Home on the Range

Oh, give me a home, where the buffalo roam,
Where
the deer and the antelope play,
Where
seldom is heard a discouraging word
And the
skies are not cloudy all day.

Chorus:
   Home, home on the range,
   Where the deer and the antelope play,
   Where seldom is heard a discouraging word
   And the skies are not cloudy all day.

How often at night, when the heavens are bright
With the light from the glittering stars,
Have I stood there amazed and asked as I gazed
If their glory exceeds that of ours.

American Folk Song

 

NOTE:  These writings are based on experiences during the beginning of 2000.

 

Oh, Give Me a Home

Two years ago, when my husband first came to Rodeo, NM, he was only looking at a land investment--a 40-acre plot of land divided from some ranchland. Or so he told me. When he returned home to our Minneapolis suburb, his eyes glowed as he spoke of the wonderful opportunities a man could make for himself in this former ghost town, and the gorgeous mountain views on both sides of the valley. He declared that this was a place in which he could be truly happy, and he wanted us to look with an eye toward moving there someday.

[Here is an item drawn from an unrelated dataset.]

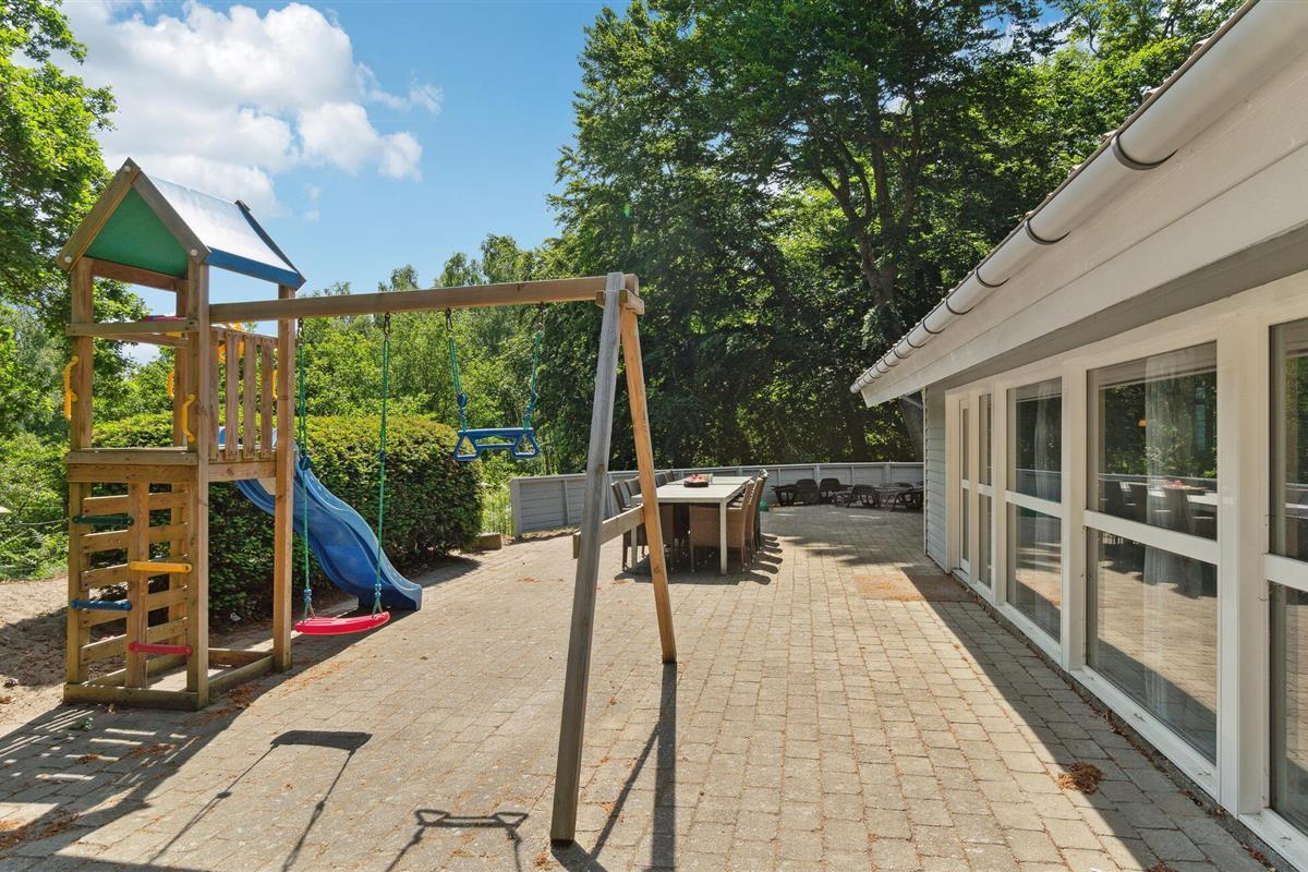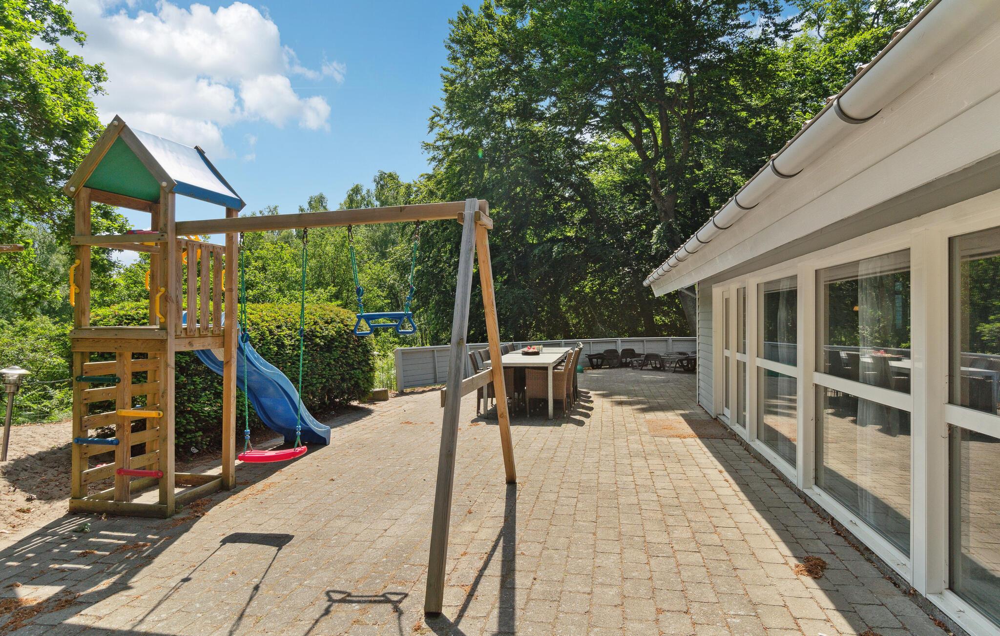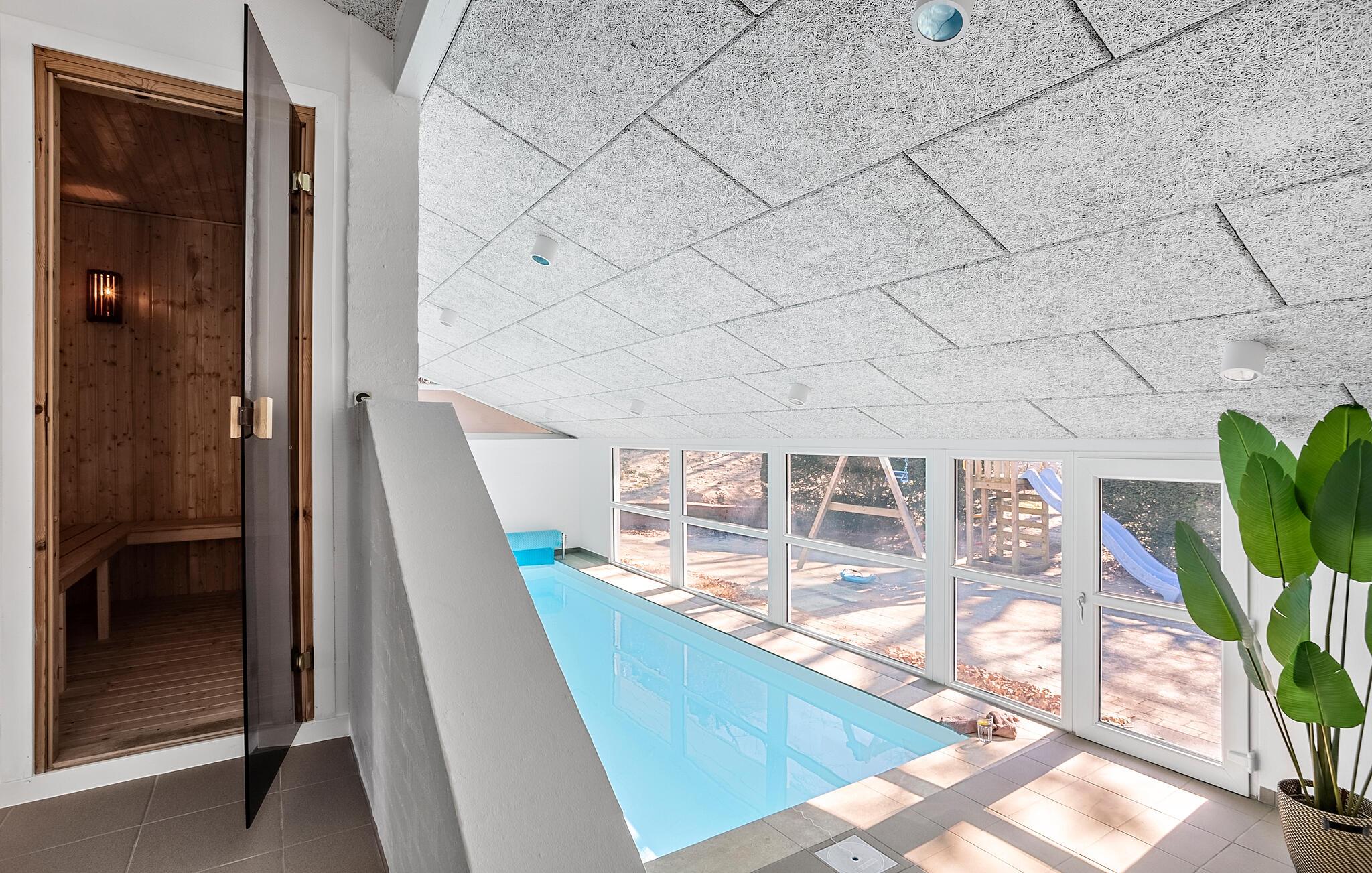 Gezellig familiehuis in Fjellerup met binnenzwembad, sauna en speeltuin voor een ontspannen vakantie aan zee.

The thought of moving to a town roughly the size of my senior class might appeal to some, but its charms were lost on me. I'd heard all those ugly rumors of "life in a small town," and I wondered if a person could ever have any privacy in an area where the arrival of the Schwan's man was an event. Then there was the issue of diapers and milk . . . True, there was a little grocery store in Rodeo, but the selection was very limited, and the prices very expensive. The nearest town with a decent supermarket was 45 minutes away and in the next state. And I worried, as mothers will, when I learned the nearest emergency room was also 45 minutes away.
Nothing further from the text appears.